He was a hardworking guy, and he still managed to satisfy his wife's needs.
One time, he had to leave for another country for a business meeting.
He would be gone for a week.
He knew his wife's sex drive and didn't want to take risks, so he thought he should gift her something so she could satisfy herself and didn't think about searching for a new partner, so he went to an adult toy shop.
As soon as he entered, the first thing he saw was a blow-up doll, but he soon dismissed the thought of buying it since it was almost like another human. He then proceeded to the dildos section.
There he saw all kinds of dildos, from massive to tiny to ones which glow in the dark, but none of them grabbed his interest, so he decided he would go somewhere else and began to leave the shop when he was stopped by the owner sitting behind the cash counter.
"I know what you're looking for", the owner says
This grabbed the businessman's attention, and he stopped to hear what the owner had to say.
"There was a man many years ago who looked just like you, wealthy but tired. He had a wife whom he couldn't satisfy, and she was about to leave him when he came here and got my help. He's happily married since then"
"How exactly did you help him?" asked the businessman.
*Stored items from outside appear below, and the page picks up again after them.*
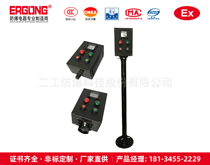 二工防爆,專業(yè)生產(chǎn)防爆電器、防爆燈具、防爆管件、防爆儀器儀表、不銹鋼防爆電器、防爆防腐電器、粉塵防爆電器和防水防塵防腐電器及燈具、防爆風(fēng)機(jī)、防爆空調(diào)、移動(dòng)照明等產(chǎn)品、銷售及技術(shù)服務(wù)為一體的企業(yè)。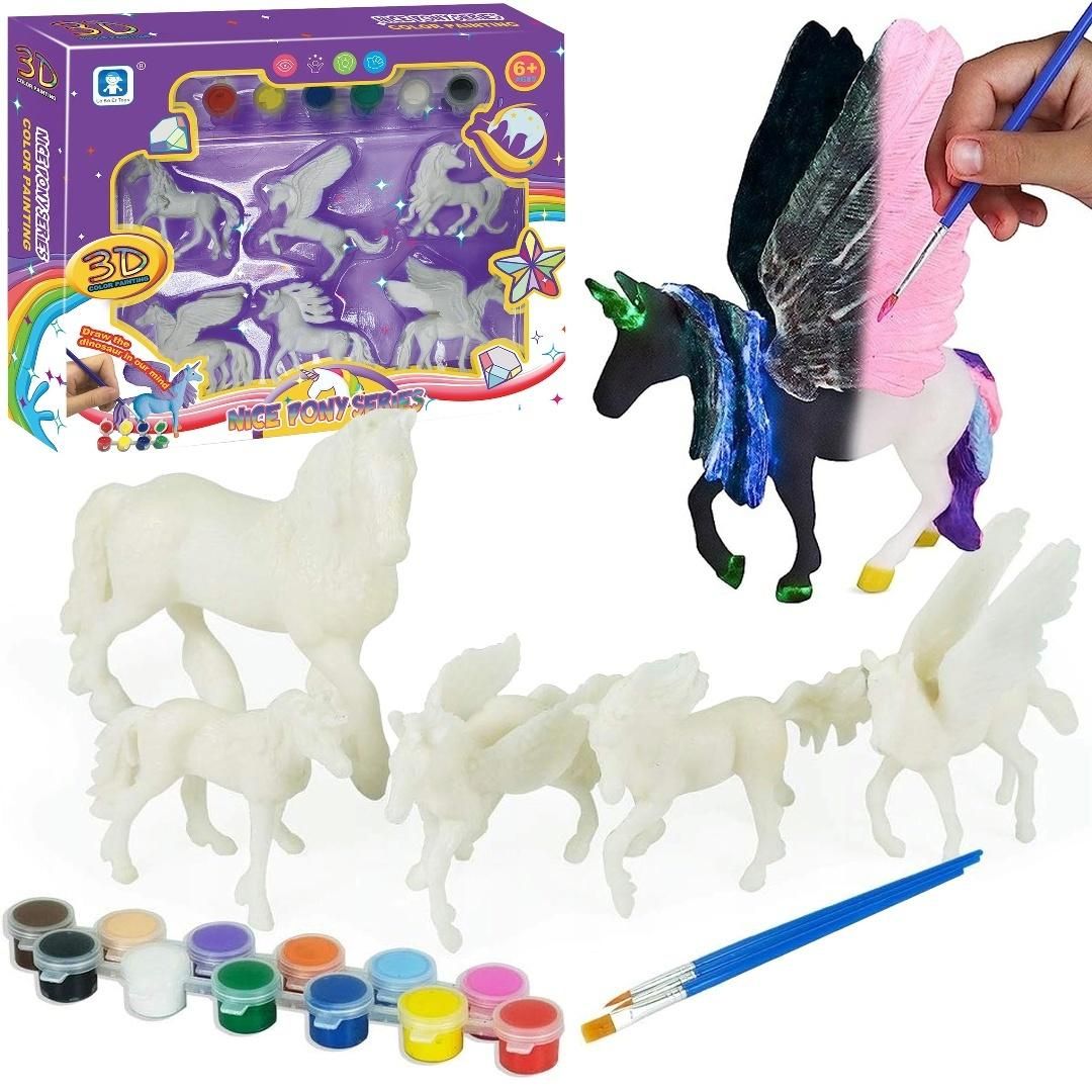 Zestaw do Malowania Figurek Kucyków i Jednorożców 3D - Kreatywna Zabawa dla Dzieci! Przedstawiamy fantastyczny zestaw do malowania figurek, który pozwoli każdemu dziecku stworzyć własne, unikalne figurki kucyków i jednorożców! To idealna zabawka dla małych artystów i fanów magicznych stworzeń, która rozwija kreatywność, zdolności manualne i wyobraźnię. Główne cechy produktu: Zestaw "Nice Pony Series": Kompletny zestaw do samodzielnego ozdabiania figurek. Zawiera różnorodne figurki 3D przedstawiające kucyki i jednorożce w różnych pozach - stojące, skaczące, z rozłożonymi skrzydłami. Figurki są w kolorze białym, gotowe do pomalowania. Bogata paleta farb: W zestawie znajduje się 6 pojemników z farbami w żywych kolorach (żółty, czerwony, niebieski, zielony, biały, czarny), które można mieszać, tworząc własne odcienie. To pozwala na pełną swobodę twórczą. Pędzelki w zestawie: Dołączone są dwa pędzelki o różnych rozmiarach, idealne do precyzyjnego malowania detali oraz większych powierzchni. Rozwija kreatywność i zdolności manualne: Malowanie figurek doskonali precyzję ruchów, koordynację ręka-oko oraz pobudza wyobraźnię, pozwalając na stworzenie niepowtarzalnych dzieł. Uczy rozpoznawania kolorów i mieszania barw: Dziecko w praktyczny sposób uczy się, jak kolory łączą się ze sobą. Idealny na prezent: Zestaw jest estetycznie zapakowany w kartonowe pudełko z atrakcyjną grafiką, co sprawia, że jest gotowym i inspirującym prezentem dla każdego małego artysty. Zalecany wiek: 6+ (zgodnie z oznaczeniem na opakowaniu). Wielkość 27x23x5cm Daj swojemu dziecku szansę na artystyczne wyrażenie siebie i stworzenie magicznych kucyków i jednorożców z tym wspaniałym zestawem do malowania!
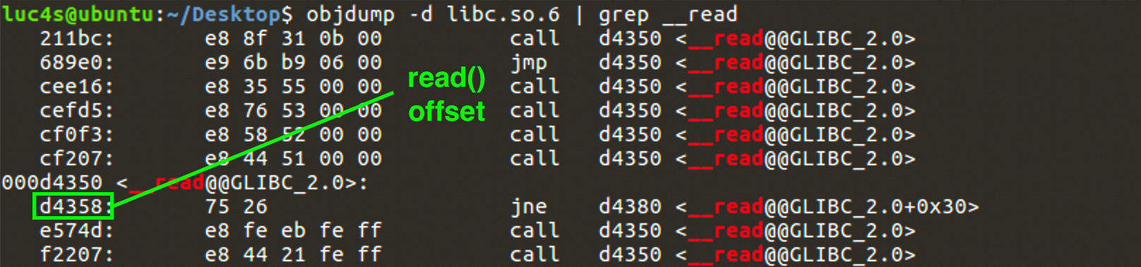#read 함수의 실제 주소를 leak 함으로써 libc base를 구한다.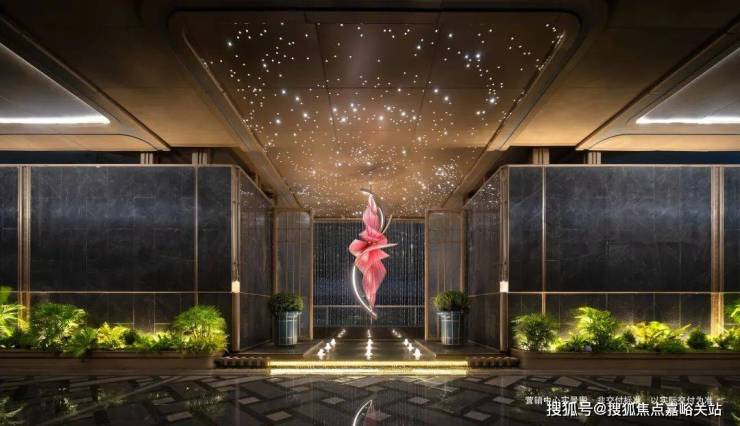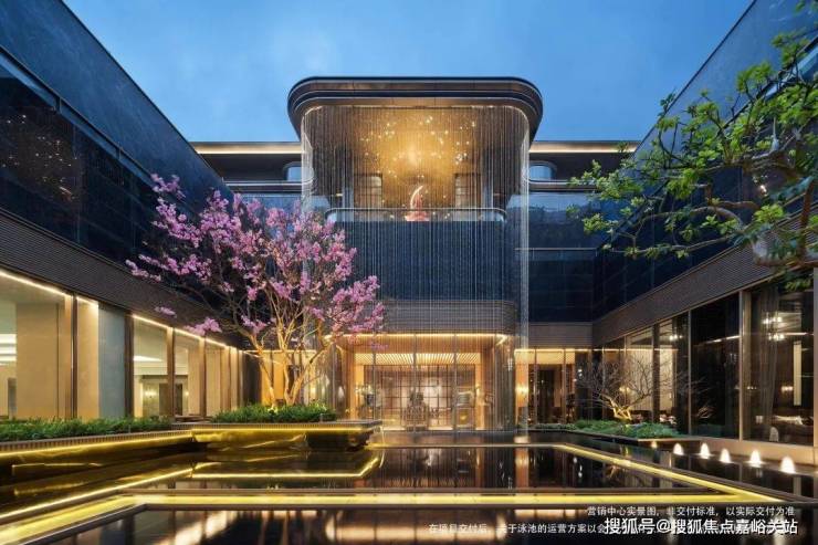 下沉式环幕庭院,跌水景观环绕,池底仿黑金砂与宝石晶片闪烁,点缀百余灯珠,师法“琉璃水光” 形意,糅合视听五感,打造全浸式立体园境,天工巧夺,嘉定未见。
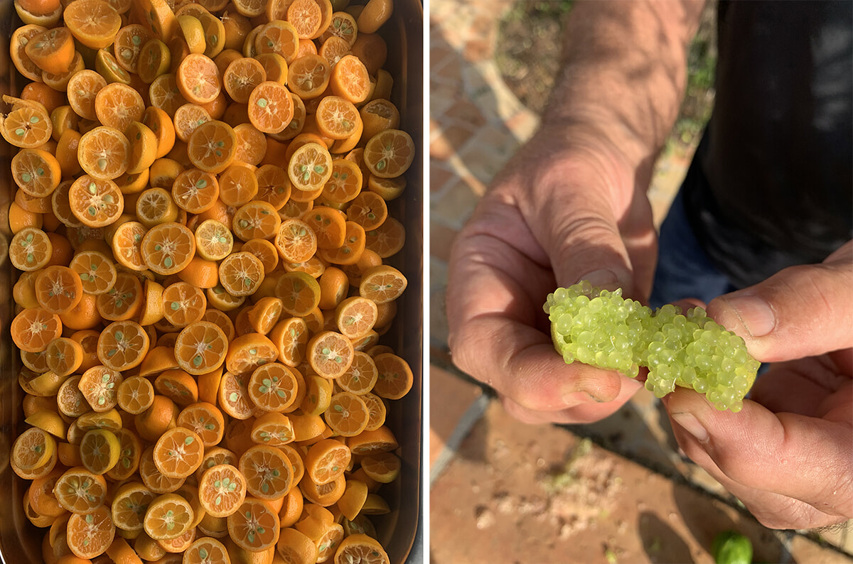 左: キンカンより少し大きめのカラマンシー。レモン・ストーリーが扱うほかの柑橘類同様、果肉だけでなく皮まで味わう。 右: レモンキャビア。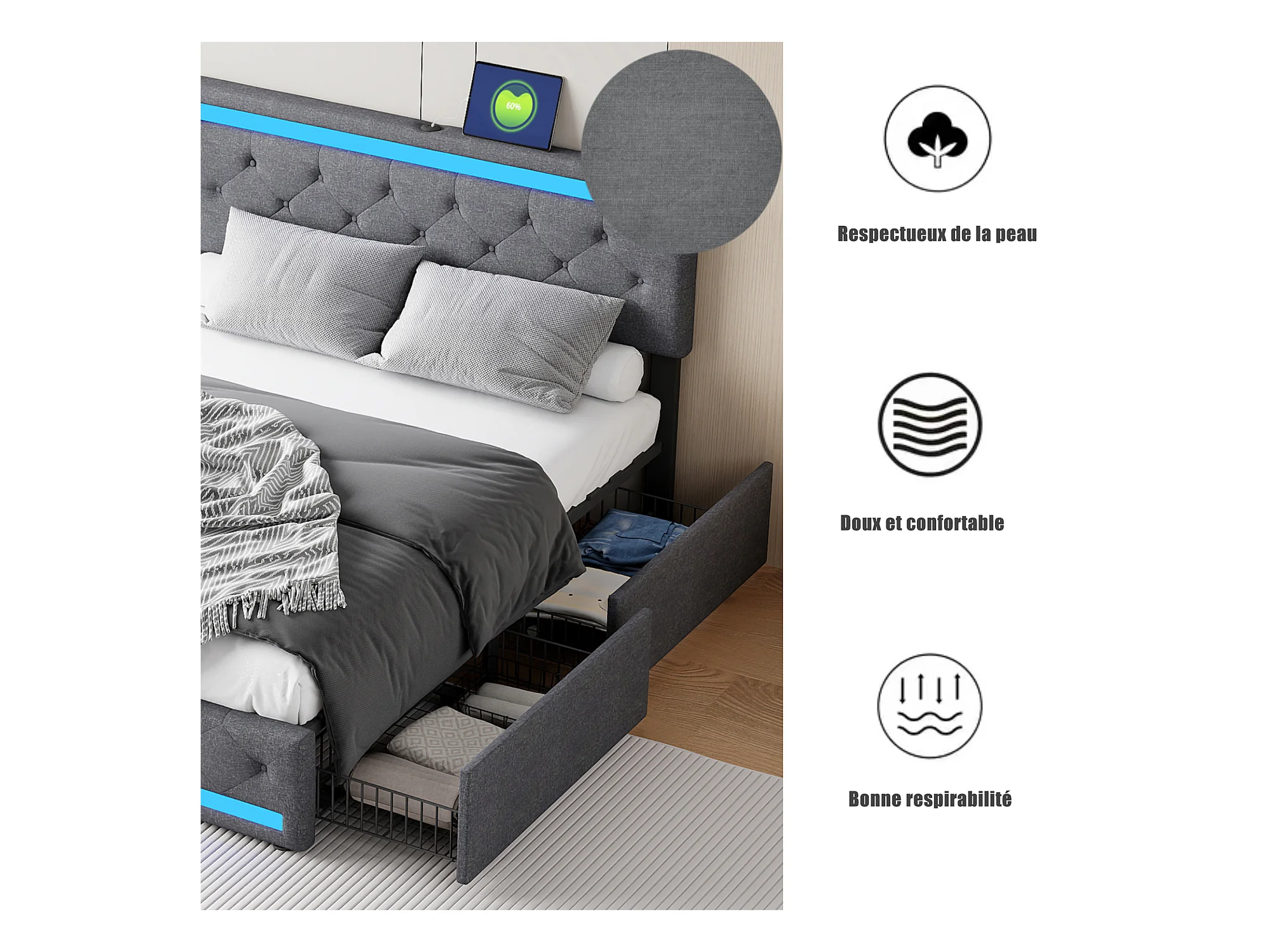 Erwachsenenbett 160x200 cm, LED, USB- und Typ-C-Anschlüsse, 4 Schubladen, Leinenstoff, Bettrahmen, Grau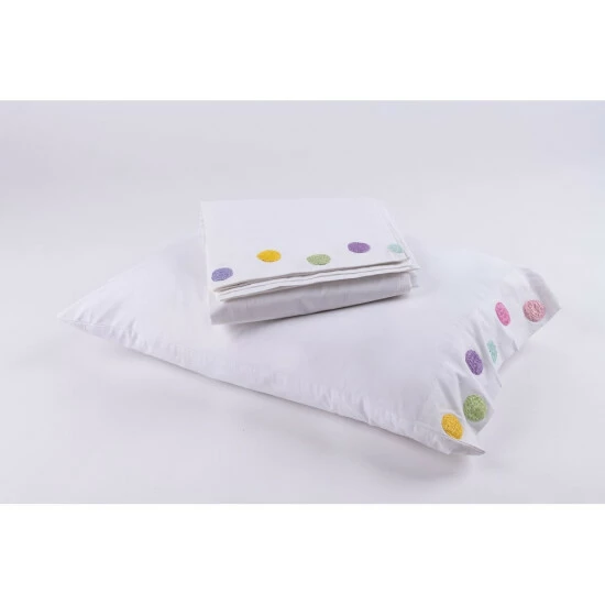 This sheet set features colorful and vibrant large polka dots that are appliqued to the pillowcase and sheet.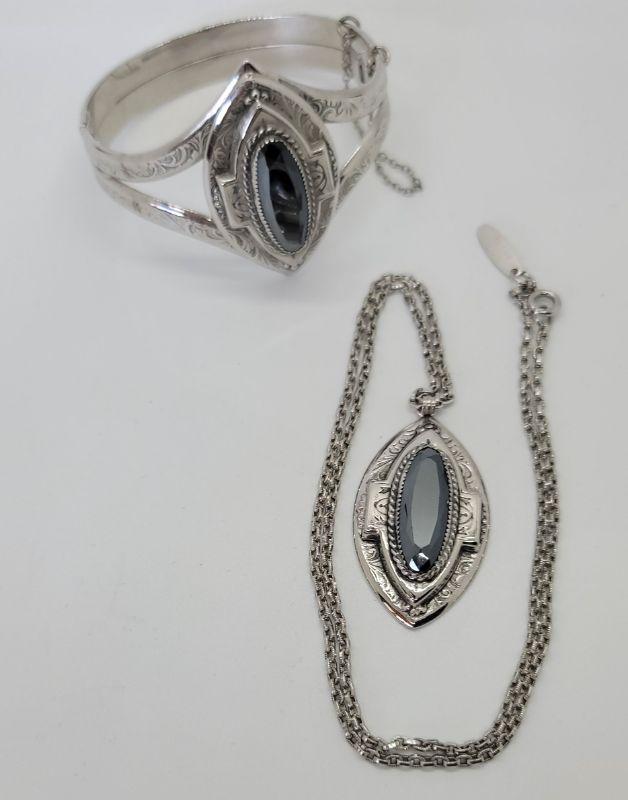 PJ44** Whiting & Davis necklace and bracelet set - Hematite.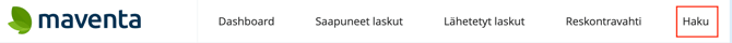 Haku-työkalun käyttö yritysten ja niiden laskutusosoitteiden etsimiseen Maventan rekistereistä.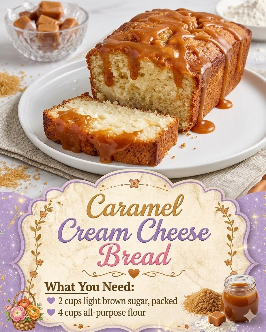 If you’re looking for a loaf that feels like dessert but works just as beautifully for brunch, this Caramel Cream Cheese Bread is exactly what you need. Moist vanilla bread layered with rich cream cheese filling and ribbons of buttery caramel — every slice is soft, sweet, and absolutely irresistible.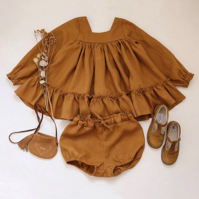 Kids Baby Girls Casual Cute Solid Color Long Sleeve Flounced Dress Shorts Set

The cashier bent down and revealed an engraved wooden box from under the counter.
There were all sorts of symbols on the box. He opened it, and inside it was a pink latex dildo, similar to the ones on the shelf.
"This is an ancient artefact haunted by a Maori tribe who all died of sex deprivation when all the women of their village were killed in a plague, all their souls now reside in this dildo", said the owner.
The businessman, being a sceptical guy, laughed and then turned to leave.
The owner says, "You're all the same, thinking there's nothing above this material plane of existence. Watch this."
The businessman turns around.
"Voodoo Dildo, keyhole"
To his astonishment, the businessman saw the box violently shake and the dildo rise in the air, float for a second and hover over to the keyhole in the front door and start to shag it. The dildo shagged the keyhole with such force that the door unhinged and started cracking.
"Voodoo Dildo, box"
The dildo stops shagging the door and returns to the box.
"ILL TAKE IT, cried the businessman, and after a lot of negotiation, he finally purchased the dildo and ran home.
He tells his wife about the dildo and how to use it. "Voodoo Dildo, pussy. That's how you activate it", the businessman told his wife and went on his business trip.
After 3 days of being horny, the wife finally gave in to her urges and opened the wooden box, took out the dildo and uttered "Voodoo Dildo, pussy". The dildo shot from her hands and started shagging her. First slowly and then changing speed as the way she wanted.
After an hour of shagging, the wife thought it was enough, and she grabbed the dildo to turn it off.
But it didn't stop shagging her.
Her husband had forgotten to tell her how to stop the dildo.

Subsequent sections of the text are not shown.